1 stalk of fresh lemongrass, tender inner bulb only, julienned
1 1/2 tablespoons Madras curry powder
One 14-ounce can unsweetened coconut milk
3 cups fish stock or bottled clam juice
1 tablespoon Asian fish sauce
1 tablespoon dark brown sugar
2 teaspoons Chinese chile-garlic sauce
Salt and freshly ground pepper
1 pound large red potatoes, peeled and cut into 2-inch chunks
2 pounds skinless red snapper fillets, cut into 2-inch chunks
2 tablespoons cilantro leaves
Steamed rice and lime wedges, for serving
In a large enameled cast-iron casserole or Dutch oven, heat the oil.
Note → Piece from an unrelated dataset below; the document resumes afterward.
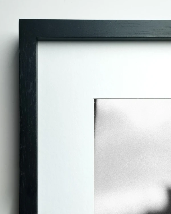 La foto esta enmarcada con marco en L recto mas 10 cm de passepartout por lado, podes elegir 3 medidas diferentes de impresion.

Add the onion, garlic, ginger and lemongrass and cook over high heat, stirring, until golden, about 5 minutes. Add the curry powder and cook, stirring, until fragrant. Add the coconut milk, fish stock, fish sauce, brown sugar and chili-garlic sauce. Season with salt and pepper and bring to a boil.
Add the potatoes and simmer over low heat until tender, about 30 minutes. Add the fish and simmer, stirring occasionally, until just cooked through, 5 to 10 minutes longer. Stir in the cilantro. Serve the curry with rice and lime wedges.